Work instructions:
Beginning with the line that has "Bazı bilgilerin, ekran" and ending with the line that has "中央反腐败协调小组国际追逃追", retype the entries below exactly, except for the pictures.

Data records:
────────────────────────────────────────

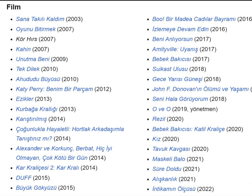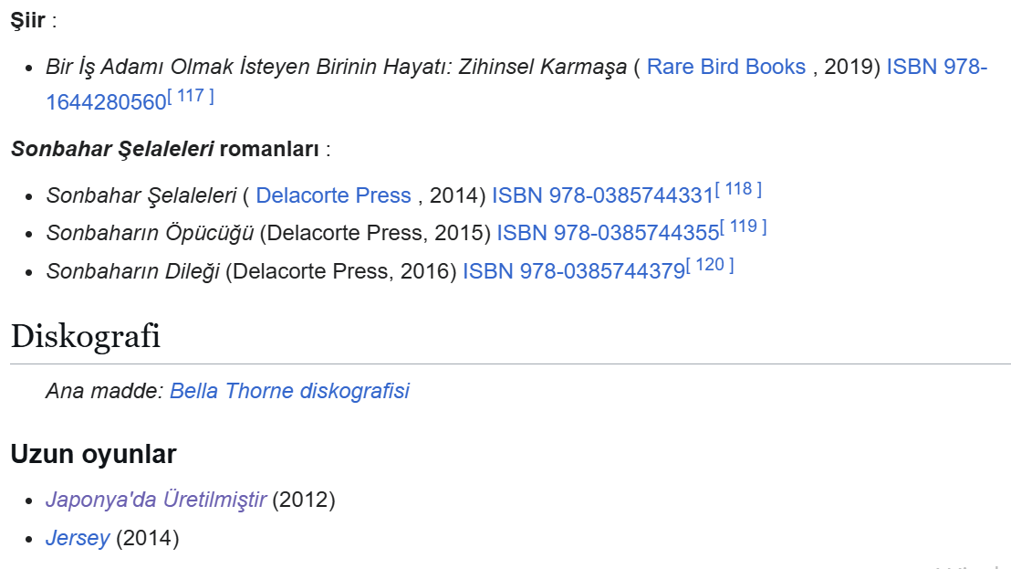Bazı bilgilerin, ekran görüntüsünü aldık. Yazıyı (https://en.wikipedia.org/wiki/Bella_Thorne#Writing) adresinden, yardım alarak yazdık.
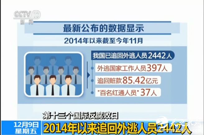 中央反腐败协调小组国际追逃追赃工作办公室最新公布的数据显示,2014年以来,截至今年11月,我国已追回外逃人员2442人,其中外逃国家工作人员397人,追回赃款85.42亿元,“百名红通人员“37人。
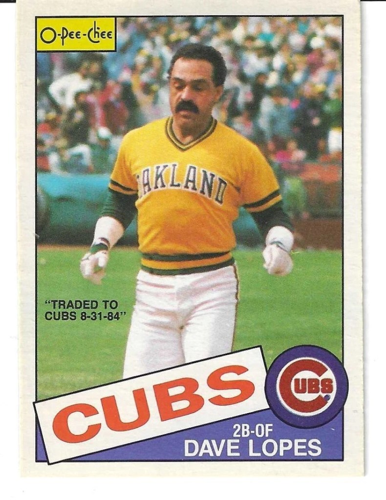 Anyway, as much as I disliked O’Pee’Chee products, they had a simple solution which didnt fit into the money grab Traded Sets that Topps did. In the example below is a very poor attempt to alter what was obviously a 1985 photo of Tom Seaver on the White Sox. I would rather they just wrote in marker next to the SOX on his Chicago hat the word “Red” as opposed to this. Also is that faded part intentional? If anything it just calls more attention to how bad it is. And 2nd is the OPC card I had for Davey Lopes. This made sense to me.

────────────────────────────────────────

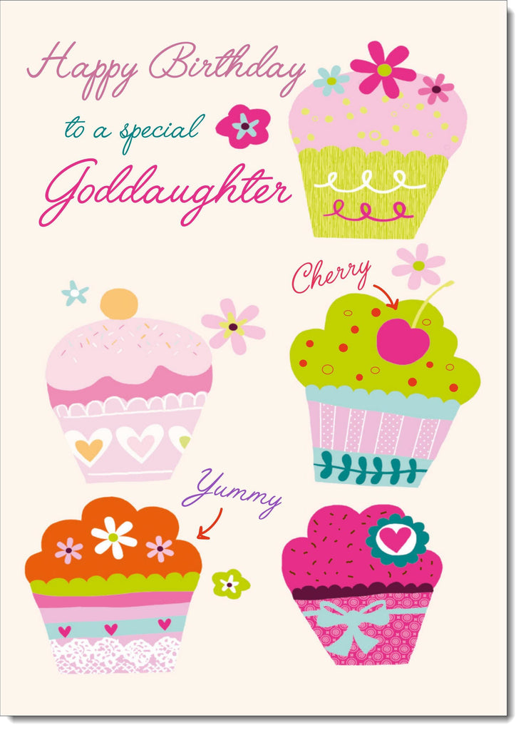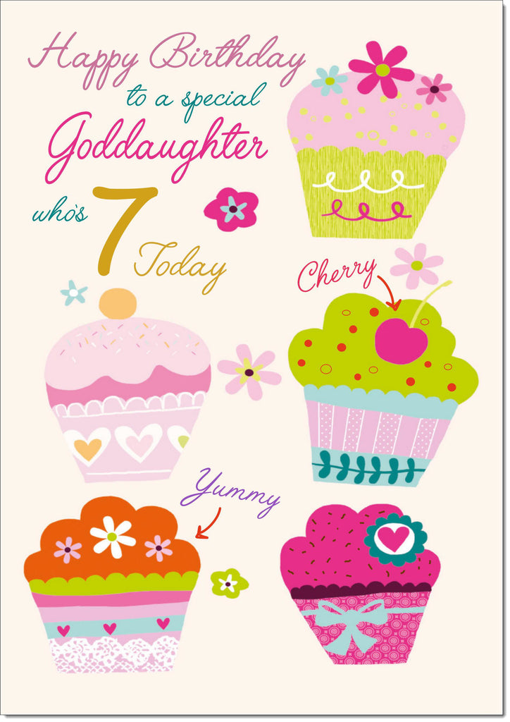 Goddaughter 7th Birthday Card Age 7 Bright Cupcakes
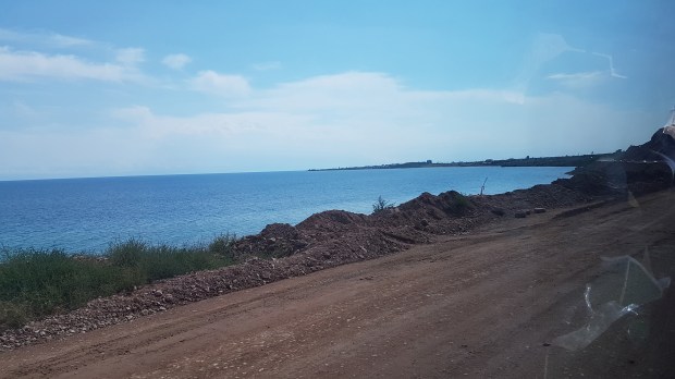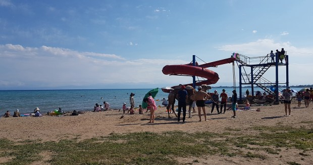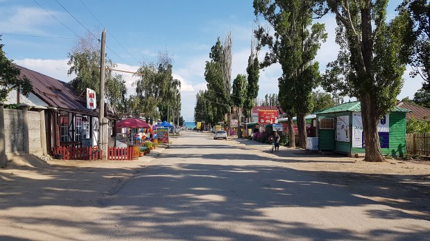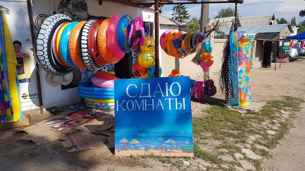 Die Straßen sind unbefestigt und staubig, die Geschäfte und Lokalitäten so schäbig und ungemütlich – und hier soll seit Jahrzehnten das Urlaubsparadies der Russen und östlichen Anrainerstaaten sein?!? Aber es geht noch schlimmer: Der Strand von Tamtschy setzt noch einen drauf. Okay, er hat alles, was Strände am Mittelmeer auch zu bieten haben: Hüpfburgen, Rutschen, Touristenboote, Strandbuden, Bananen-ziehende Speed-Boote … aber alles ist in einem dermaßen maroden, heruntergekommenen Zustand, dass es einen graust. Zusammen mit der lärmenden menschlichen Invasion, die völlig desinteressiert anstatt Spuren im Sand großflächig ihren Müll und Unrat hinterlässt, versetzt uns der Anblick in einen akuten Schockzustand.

────────────────────────────────────────

The completed task:
Bazı bilgilerin, ekran görüntüsünü aldık. Yazıyı (https://en.wikipedia.org/wiki/Bella_Thorne#Writing) adresinden, yardım alarak yazdık.
 中央反腐败协调小组国际追逃追赃工作办公室最新公布的数据显示,2014年以来,截至今年11月,我国已追回外逃人员2442人,其中外逃国家工作人员397人,追回赃款85.42亿元,“百名红通人员“37人。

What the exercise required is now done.